Problem statement |
For the records below, output word for word the lines from the one with "在比赛场地上,生活部的工作人" up to and including the one with "Het combineren van". No pictures.

Entries provided |
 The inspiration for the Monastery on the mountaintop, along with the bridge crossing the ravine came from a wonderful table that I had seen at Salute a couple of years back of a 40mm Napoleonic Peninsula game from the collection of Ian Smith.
--
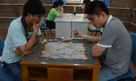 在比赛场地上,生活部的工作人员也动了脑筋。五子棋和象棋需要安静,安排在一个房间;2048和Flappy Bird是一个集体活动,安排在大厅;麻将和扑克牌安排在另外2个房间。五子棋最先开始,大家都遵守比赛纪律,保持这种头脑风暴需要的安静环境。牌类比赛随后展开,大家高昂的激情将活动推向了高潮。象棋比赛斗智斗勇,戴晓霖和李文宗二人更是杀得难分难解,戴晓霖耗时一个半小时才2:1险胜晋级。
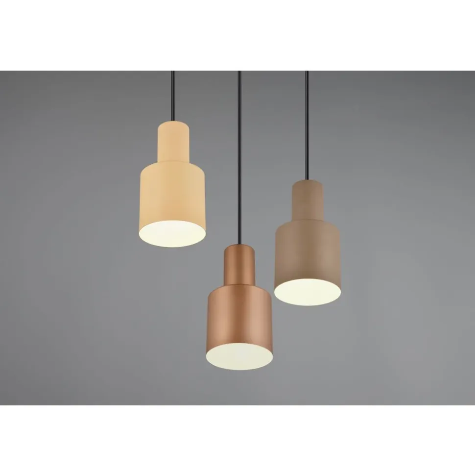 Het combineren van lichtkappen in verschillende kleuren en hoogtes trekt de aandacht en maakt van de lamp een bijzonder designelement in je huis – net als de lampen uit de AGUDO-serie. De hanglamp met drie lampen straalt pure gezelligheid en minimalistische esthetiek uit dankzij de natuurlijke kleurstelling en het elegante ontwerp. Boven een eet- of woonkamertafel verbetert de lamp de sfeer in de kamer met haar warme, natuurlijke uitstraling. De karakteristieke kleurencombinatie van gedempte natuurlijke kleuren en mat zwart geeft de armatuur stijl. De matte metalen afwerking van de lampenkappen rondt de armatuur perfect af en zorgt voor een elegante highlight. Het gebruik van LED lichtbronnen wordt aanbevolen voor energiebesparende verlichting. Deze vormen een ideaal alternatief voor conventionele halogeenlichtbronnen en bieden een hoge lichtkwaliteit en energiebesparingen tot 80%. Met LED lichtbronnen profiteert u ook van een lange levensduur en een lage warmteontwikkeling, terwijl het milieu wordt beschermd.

Answer to the problem |
 在比赛场地上,生活部的工作人员也动了脑筋。五子棋和象棋需要安静,安排在一个房间;2048和Flappy Bird是一个集体活动,安排在大厅;麻将和扑克牌安排在另外2个房间。五子棋最先开始,大家都遵守比赛纪律,保持这种头脑风暴需要的安静环境。牌类比赛随后展开,大家高昂的激情将活动推向了高潮。象棋比赛斗智斗勇,戴晓霖和李文宗二人更是杀得难分难解,戴晓霖耗时一个半小时才2:1险胜晋级。
 Het combineren van lichtkappen in verschillende kleuren en hoogtes trekt de aandacht en maakt van de lamp een bijzonder designelement in je huis – net als de lampen uit de AGUDO-serie. De hanglamp met drie lampen straalt pure gezelligheid en minimalistische esthetiek uit dankzij de natuurlijke kleurstelling en het elegante ontwerp. Boven een eet- of woonkamertafel verbetert de lamp de sfeer in de kamer met haar warme, natuurlijke uitstraling. De karakteristieke kleurencombinatie van gedempte natuurlijke kleuren en mat zwart geeft de armatuur stijl. De matte metalen afwerking van de lampenkappen rondt de armatuur perfect af en zorgt voor een elegante highlight. Het gebruik van LED lichtbronnen wordt aanbevolen voor energiebesparende verlichting. Deze vormen een ideaal alternatief voor conventionele halogeenlichtbronnen en bieden een hoge lichtkwaliteit en energiebesparingen tot 80%. Met LED lichtbronnen profiteert u ook van een lange levensduur en een lage warmteontwikkeling, terwijl het milieu wordt beschermd.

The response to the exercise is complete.